A Navy sailor will be paid $60,000 by a Florida property management company that obtained an “unlawful” eviction notice against him, according to federal prosecutors.
The legal effects of the eviction, according to court documents, turned the sailor “functionally homeless” while his wife was forced to live with her parents in a different state, according to court documents.
Rental Marketing Solutions, LLC, a St. Petersburg, Florida-based property management company, will have to pay $60,000 for the “unlawful eviction judgment” against the active duty sailor in a federal settlement, Department of Justice officials announced Wednesday.
The sailor, who is referred to as “A.H.” in federal court documents, was “mistakenly” included in the legal filings of a February 2024 eviction action at a property where his mother resided but where the sailor had not lived for nearly four years. At the time, the sailor, who was a Petty Officer 3rd Class, was assigned to the USS Nimitz based at Puget Sound Naval Shipyard in Bremerton, Washington.
The sailor learned about the eviction when he moved out of his on-base housing in Washington in August 2024 and began looking for a rental home for him and his wife. The couple was turned away by at least a dozen landlords because the eviction judgment appeared on the sailor’s credit and background checks, according to court documents.
Instead of moving into a new apartment, the sailor took leave to help his wife move in with her parents in San Diego, California. The couple lived separately for four months, paying for the sailor’s wife to travel back and forth from California.
While his wife lived in San Diego, the sailor was “functionally homeless,” prosecutors said. Some nights, the sailor slept on the berthed ship, “which had no heat,” and other times couch-surfed with friends, or camped, according to court documents.
“Spending many months, approximately eight of which while serving on active duty in the Navy, trying to correct the invalid eviction judgment against him, being unable to obtain housing for months, and still being in a vulnerable position under a verbal month-to-month lease to this day have had tremendous negative impacts on A.H. and his mental health,” federal officials said in court documents.

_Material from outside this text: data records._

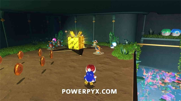 跳入水井并游到水下洞穴,打开蓝色宝箱获得“企鹅”能力,打破洞穴墙壁后上浮,进入下一个区域即可获得礼物。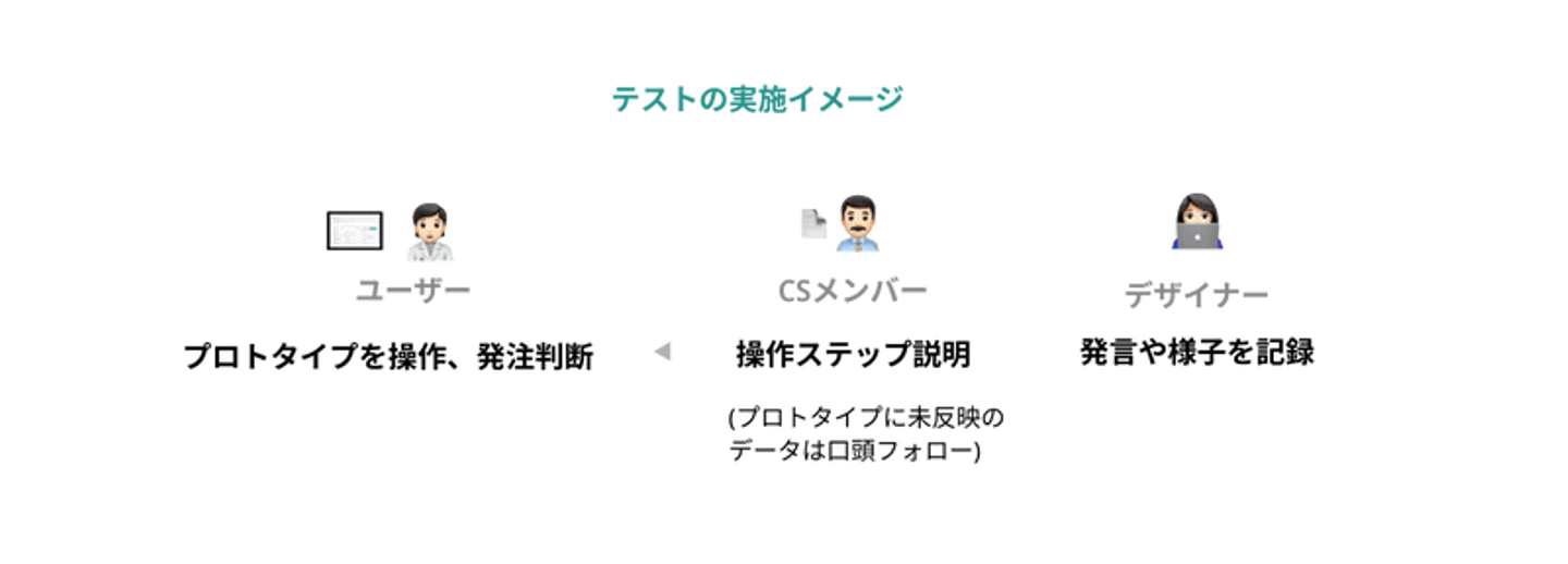 今回は、発注判断に必要な情報が揃っているかを明らかにすることが主な目的であったため、CSメンバーはテストに介入する形で、ユーザーは説明を受けて操作を進めていきました。
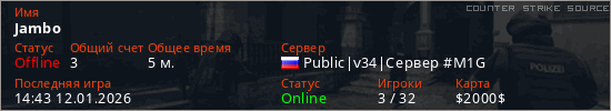 Играет на Counter Strike Source сервере. Страна: РоссияПервый раз замечен 14:39 12.01.2026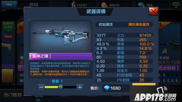 在枪械介绍中就能看出这把雷神之锤的霸气,机炮,并不是普通的机枪,发射的子弹是12.7的爆炸弹药,玩家即便没有射击到敌人,在爆炸范围内,也能对敌人造成溅射伤害。射速不高,伤害惊人,范围惊人,是这把机枪的最大特点。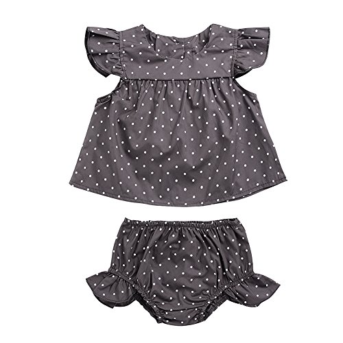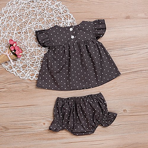 Domybest ベビー服 女の子 セットアップ トップス コスチューム 半袖Tシャツ+ショートパンツ 上下 2点セット ドットプリント 赤ちゃん ガールズ カジュアル お出かけ 普段着 春 夏 (90(12-18ヶ月))

The case was brought against the management company for violating the Servicemembers Civil Relief Act, or SCRA, a federal law that offers financial and legal protections to active-duty troops. The law allows service members to postpone or suspend civil liabilities like debt collection, mortgage payments, eviction notices, and lease terminations.
Previous cases include a 2024 settlement with a Virginia landlord company that charged sailors thousands of dollars in illegal lease termination fees and extra rental payments, and a 2025 settlement where an Auto Center towed a sailor’s car while he was on deployment, and sold it at an auction.
DOJ officials said in court documents that the Florida landlord company violated the SCRA since it did not have a process to verify whether he was a sailor or “protected service member.” Because they didn’t verify his active duty status, the sailor was not afforded SCRA legal protections as part of the eviction court process.
For violating federal law, the property company is required to pay $60,000 to the sailor and ten years’ worth of credit monitoring for him. The company must also pay a $6,000 civil penalty and maintain policies that follow SCRA requirements.